Your answer must consist solely of the line containing "УМБ Andowl Q-T70Х1" and each line after it through the end of the data, copied exactly.

Records drawn from a dataset
<<<<

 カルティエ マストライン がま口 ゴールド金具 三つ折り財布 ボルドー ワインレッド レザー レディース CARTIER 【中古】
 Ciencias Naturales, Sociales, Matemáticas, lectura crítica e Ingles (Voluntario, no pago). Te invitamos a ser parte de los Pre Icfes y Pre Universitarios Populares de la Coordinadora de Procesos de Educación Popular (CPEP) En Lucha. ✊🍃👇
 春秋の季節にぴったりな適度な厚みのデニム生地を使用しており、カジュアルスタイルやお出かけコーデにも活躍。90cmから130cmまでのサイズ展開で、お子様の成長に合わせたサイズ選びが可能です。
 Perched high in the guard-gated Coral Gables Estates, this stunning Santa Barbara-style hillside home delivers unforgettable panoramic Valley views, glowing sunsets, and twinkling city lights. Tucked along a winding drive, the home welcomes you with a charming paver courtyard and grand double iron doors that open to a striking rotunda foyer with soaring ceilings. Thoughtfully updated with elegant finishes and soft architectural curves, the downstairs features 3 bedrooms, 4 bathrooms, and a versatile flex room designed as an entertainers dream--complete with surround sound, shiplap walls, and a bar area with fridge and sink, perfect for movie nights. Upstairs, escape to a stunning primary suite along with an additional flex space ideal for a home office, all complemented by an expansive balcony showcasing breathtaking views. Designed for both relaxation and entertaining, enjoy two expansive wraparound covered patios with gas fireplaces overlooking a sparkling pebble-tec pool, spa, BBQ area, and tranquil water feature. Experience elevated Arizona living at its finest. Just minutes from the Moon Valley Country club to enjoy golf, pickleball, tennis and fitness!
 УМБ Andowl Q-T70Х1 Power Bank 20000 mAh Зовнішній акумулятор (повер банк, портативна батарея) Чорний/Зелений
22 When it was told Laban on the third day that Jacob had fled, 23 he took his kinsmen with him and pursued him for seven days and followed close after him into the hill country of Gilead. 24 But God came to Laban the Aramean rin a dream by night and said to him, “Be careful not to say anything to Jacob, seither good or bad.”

>>>>

◆ Task answer ◆
 УМБ Andowl Q-T70Х1 Power Bank 20000 mAh Зовнішній акумулятор (повер банк, портативна батарея) Чорний/Зелений
22 When it was told Laban on the third day that Jacob had fled, 23 he took his kinsmen with him and pursued him for seven days and followed close after him into the hill country of Gilead. 24 But God came to Laban the Aramean rin a dream by night and said to him, “Be careful not to say anything to Jacob, seither good or bad.”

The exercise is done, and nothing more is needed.